I think there's probably some convoluted way to do this. First thing you'll
have to do is flatten your data.
data1 = A, B
_____
X, X1
X, X2
Y, Y1
Y, Y2
Y, Y3
Then do a join by "B" onto you second dataset. This should produce the
following
data2 = data1::A, data1::B, data2::A, data2::B, data2::C (I'm assuming data
set has exactly 4 columns).
_______________
X, X1, X1, 4, 5, 6
X, X2, X2, 3, 7, 3
Now do a group by data1::A to get
{X, {(X, X1, X1, 4, 5, 6), (X, X2, X2, 3, 7, 3), ...}}
{Y, {(Y, Y1, Y1, ...), (Y, Y2, Y2, ...), ...}}
This is as far as I got, I'm not sure if there's a built-in UDF to
transform that into what you're looking for. I thought maybe BagToTuple,
but it will return a single tuple with all elements of all tuples in the
bag. If the above data format supports your use cases, you're done. If not,
you can write a UDF to transform it into the required format.

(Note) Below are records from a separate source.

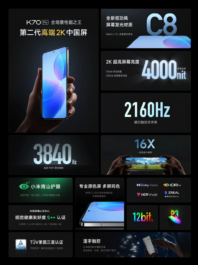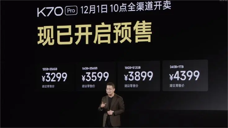 鞭牛士 11月29日消息,本日,在红米K70系列发布会上,官方公布了红米K70系列,包罗红米K70和红米K70 Pro。 红米K70 Pro代价公布,12GB+256GB尺度版3299元;16GB+256GB售价3599元;16GB+521GB售价3899元;24GB+1TB售价4399元。 王腾先容,红米K70 Pro共有墨羽、晴雪、竹月蓝3款配色。 红米K70手机芯片将接纳高通骁龙8gen3,现场跑分224780分。K70系列还将搭载小米汹涌OS,公开资料体现,汹涌OS是小米打造的最新一代体系,它实现了全面的底层重构。 影像上Redmi K70 Pro搭载了光影猎人800传感器,支持闪电快拍,同时拥有一颗2X的人像镜头和一颗12MP超广角镜头。 续航上是接纳120W+5000mAh电池的组合,接纳金属中框+自研双翼天线,通讯本领优化,自研AI网络算法,低延时、低卡顿,多功能NFC,AI影院 。 接纳无界计划,搭配1.3mm高透玻璃Deco,无屏幕支架。 别的,K70 Pro还搭配全新的冰封散热体系和2K屏幕,峰值亮度4000nit。 |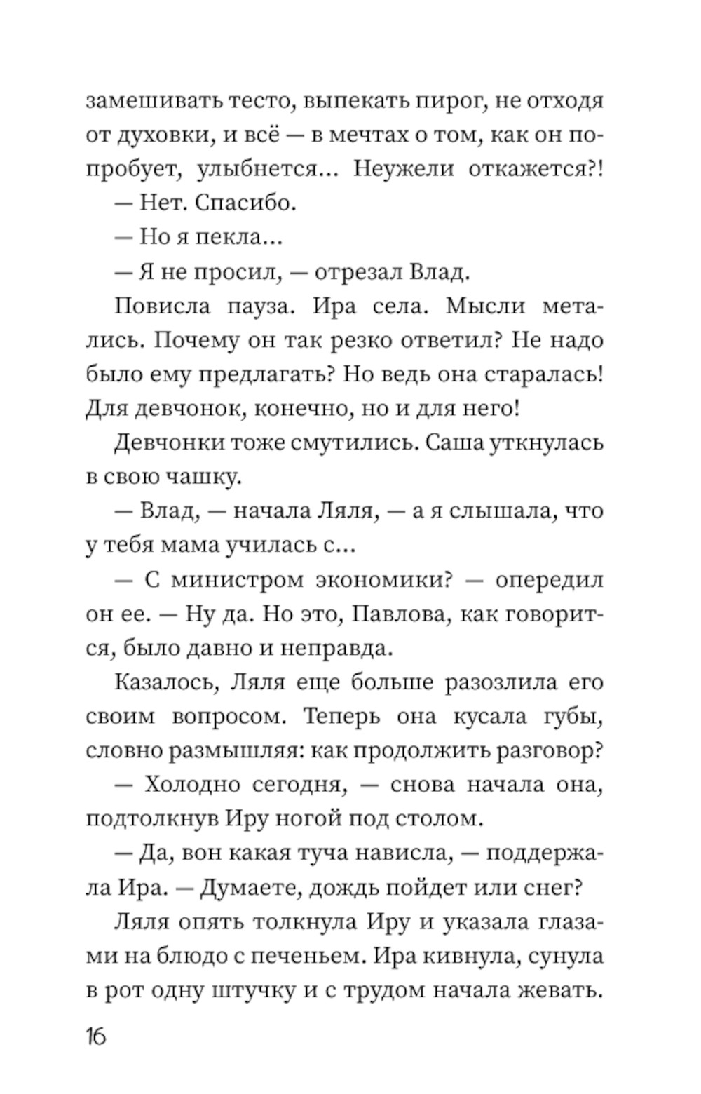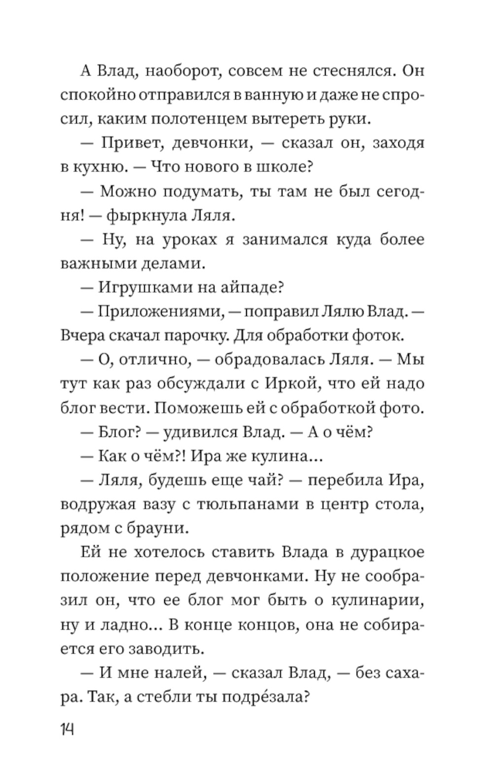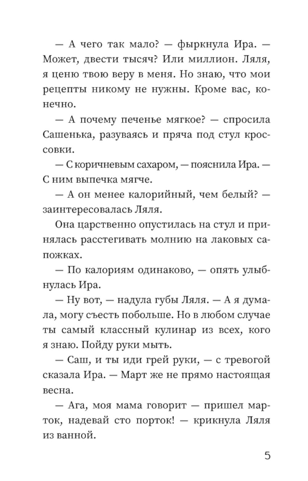 Ира любит готовить. Она смело экспериментирует на кухне, вдохновляясь кулинарными шоу и постами блогеров. Все карманные деньги она тратит на сборники рецептов и продукты для очередного шедевра. Подруги готовы драться за лишний кусочек ее брауни и мягкого овсяного печенья. А еще Ира любит Влада. Он красивый, спортивный и уверенный в себе. Он выбрал именно ее, и Ире завидует вся школа. Но Влад категорически против ее увлечения. Да и родители призывают больше сил отдавать учебе. Все-таки десятый класс, пора определяться с будущей профессией. Не в кулинарный же колледж поступать?! Юлия Кузнецова - российская писательница, переводчик, автор многочисленных книг для детей и подростков. Лауреат премии имени В. П. Крапивина, премий «Заветная мечта» и «Книгуру». Юлия Кузнецова отдает предпочтение жанру психологической прозы, ведь через нее можно ответить на самые актуальные вопросы понятным языком. Воздушные и нежные иллюстрации Маши Судовых дополняют настроение книги. Для среднего и старшего школьного возраста.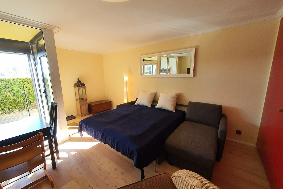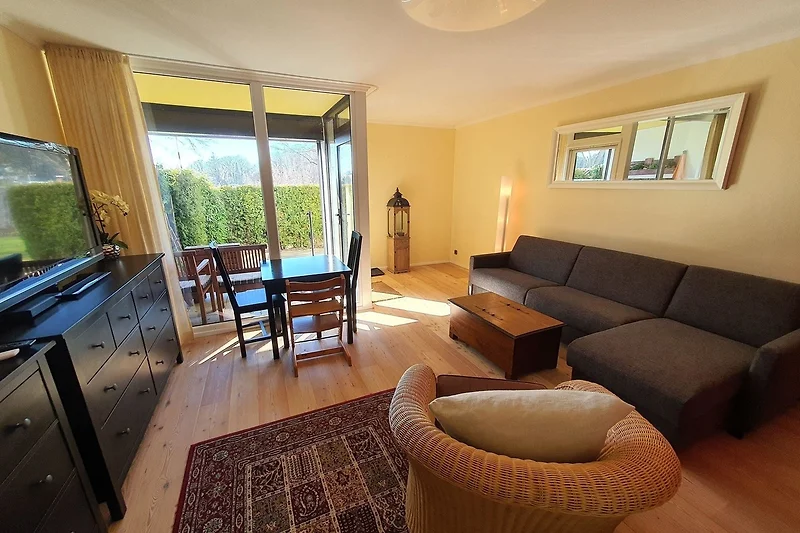In dieser modernen Ferienwohnung erwartet die Gäste eine allergikergeeignete Umgebung, die ein angenehmes Aufenthaltserlebnis verspricht. Der Wohnraum besticht durch ein helles Wohnschlafzimmer, das mit einer komfortablen Schlafcouch ausgestattet ist. Hier können sich die Gäste nach einem erlebnisreichen Tag entspannen.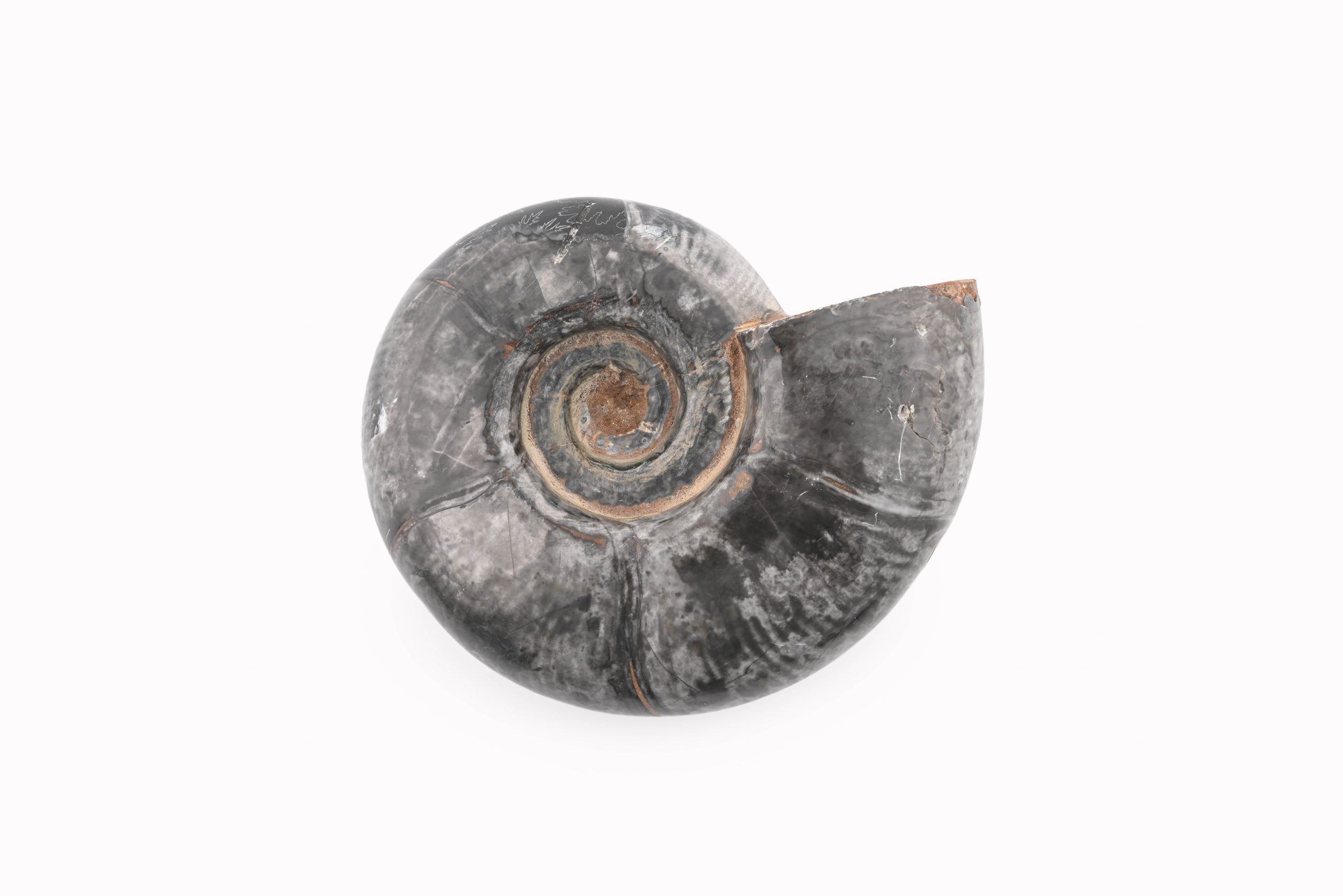 Black Ammonite Fossil With Calcite Polished Whole Specimen From Madagascar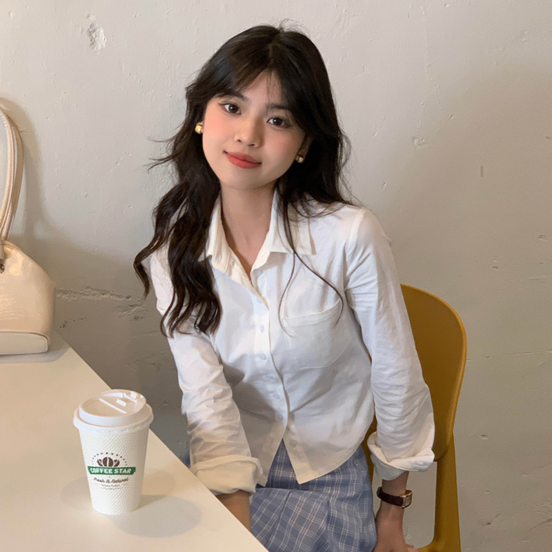 正肩显瘦短款 秋季 修身 外套女长袖 洋气打底纯棉高级感 白色内搭衬衫

On Wed, Sep 4, 2013 at 4:39 PM, F. Jerrell Schivers
<[email protected]>wrote:
Howdy folks,
Let's say I have a set of data that looks like this:
X, (X1, X2)
Y, (Y1, Y2, Y3)
So there could be an unknown number of members of each tuple per row.
I also have a second set of data that looks like this:
X1, 4, 5, 6
X2, 3, 7, 3
I'd like to join these such that I get:
X, (X1, 4, 5, 6), (X2, 3, 7, 3)
Y, (Y1, etc), (Y2, etc), (Y3, etc)
Is this possible with Pig?
Thanks,
Jerrell